KBUY
- Ruidoso, New Mexico; United States;
- Frequency: 1360 kHz

Programming
- Format: Classic hits
- Affiliations: Fox News Radio

Ownership
- Owner: Will Rooney; (MTD, Inc.);
- Sister stations: KIDX; KNMB; KWES; KWES-FM;

History
- First air date: November 1959 (as KRRR)
- Former call signs: KRRR (1959–1983); KREE (1983–1987);

Technical information
- Licensing authority: FCC
- Facility ID: 70826
- Class: D
- Power: 5,000 watts day; 201 watts night;
- Transmitter coordinates: 33°19′34.3″N 105°40′15.9″W﻿ / ﻿33.326194°N 105.671083°W
- Translator: 105.9 K290AY (Ruidoso)

Links
- Public license information: Public file; LMS;
- Website: www.kwes.net/kbuy--105.9-fm.html

= KBUY =

KBUY (1360 AM) is a radio station broadcasting a classic hits music format.

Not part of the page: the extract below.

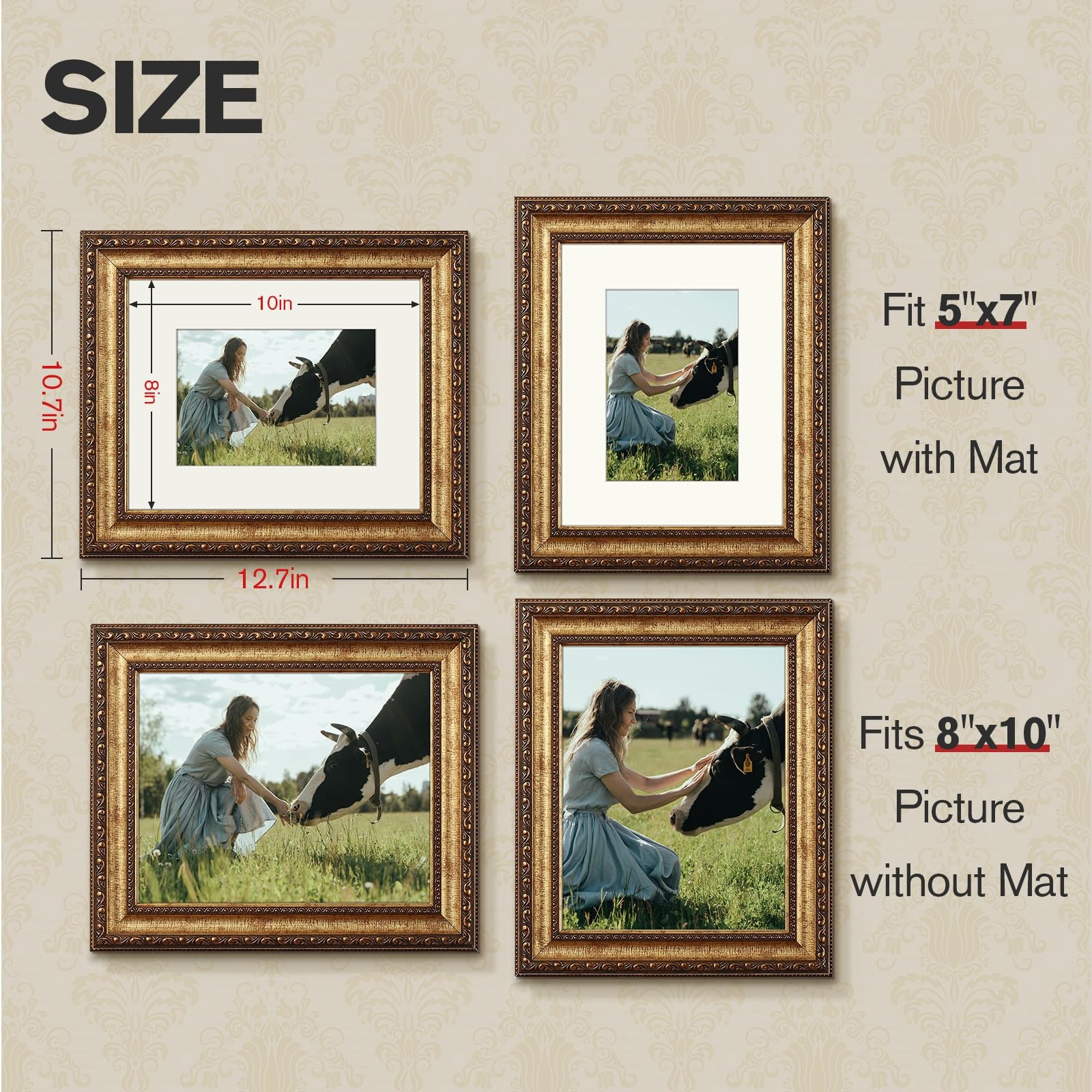 Splinterix 8x10 Gold Ornate Vintage Picture Frame, 2 Pack for Wall or Tabletop

Licensed to Ruidoso, New Mexico, United States, the station is owned by Will Rooney, through licensee MTD, Inc. and features programming from Fox News Radio.

==History==
The station changed its call sign from KRRR to KREE on June 27, 1983. On May 1, 1987, the station changed its call sign to the current KBUY.

Former logo

On November 2, 2007, KBUY changed its format from oldies to adult contemporary. On May 26, 2014, it changed its format to classic hits, branded as "K-Buy 105.9".

Walton Stations sold its Rudioso cluster—KBUY, KWES, and KWES-FM—to Will Rooney's MTD Inc., owner of KNMB and KIDX, in 2024 as part of a $170,000 deal.